Whereas last year’s “Maleficent” retold the Sleeping Beauty legend with the witch as a central character, portrayed as someone who had good reason to seek revenge, this “Cinderella” never strays far from the path laid out by the animation department in 1950; there’s no singing this time, but we do get the friendly mice. (When cartoon Cinderella hangs out with a talking Gus and Jaq-Jaq in the earlier version, it’s adorable; when live-action Cinderella shares her dinner with CG mice in her kitchen, however, it’s difficult not to think of her long-tailed little friends as vermin.)

Giving credit where it’s due, this “Cinderella” does make its heroine proactive, rather than just a goody-two-slippers who passively allows events to transpire around her, and that’s a testament both to the screenplay by Chris Weitz (“About a Boy”) and the lead performance by Lily James, best known stateside as the headstrong Lady Rose on “Downton Abbey.” Unlike the saccharine Job of earlier iterations, this Cinderella is self-possessed and forthright. Even when she’s at her most abused, she endures out of love for her departed parents and the home they left behind.
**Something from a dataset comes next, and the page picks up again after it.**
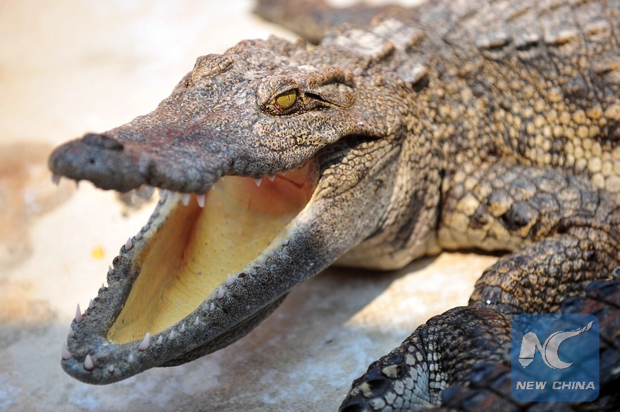 File photo shows a crocodile in rearing pond at a farm in south of Bangkok, Thailand, March 7, 2013. (Xinhua/Rachen Sageamsak)

This version, of course, assumes that this property could legally be inherited by either Ella or by the wicked stepmother (Cate Blanchett) who is widowed by Ella’s father. There’s a revisionist-feminist take just sitting here about why this awful woman would go to great lengths to find rich husbands for her shrill daughters (Holliday Grainger and James’ fellow “Downton” star Sophie McShera) in a stiflingly patriarchal society, but the movie’s barely interested in that path; Blanchett’s character is already horrid when she arrives on the scene, and her wickedness only increases over the course of the story.

Cinderella54de9bbb5000dBlanchett, it should be noted, is having a great time vamping it up in a series of stylishly overblown costumes (designed by the renowned Sandy Powell); she doesn’t allow herself to go as broad as, say, Glenn Close’s live-action Cruella DeVille, but her snarling virago is not to be underestimated.

We get a more outrageous turn from Helena Bonham-Carter as the Fairy Godmother; like her fellow Tim Burton alum Johnny Depp in “Into the Woods,” her role is kept just short enough that even her most wildly showy moments don’t disrupt the mood of the rest of the movie. Sporting Tilda Swinton‘s oversize choppers from “Snowpiercer,” she’s ditzy and capable all at once.

Weitz does well by the expected story beats, from the conversion of mice and lizards and ducks into Cinderella’s entourage for the ball (culminating in a suspenseful midnight carriage chase) to a Prince (Richard Madden, “Game of Thrones”) who’s established early on as being smitten with Ella for who she is and not just for the glam figure she cuts at his big party.

The ball scene itself calls to mind those Technicolor epics of yesteryear, when actors in crowd scenes dressed in every color of the rainbow to show off a full spectrum for audiences accustomed to black-and-white. Granted, the modern-day equivalent includes that crispy-fried post-production work that pumps up the blues and oranges and makes every surface gleam like a Jolly Rancher candy, but that’s the look that future historians will unfailingly peg as hopelessly early-21st-century.

The less you want to see a “Cinderella” that comments upon or breaks away from the cartoon — which stands strongly enough on its own not to need a remake, thanks all the same — the more you’ll like this version.

Sometimes a glass slipper is just a glass slipper.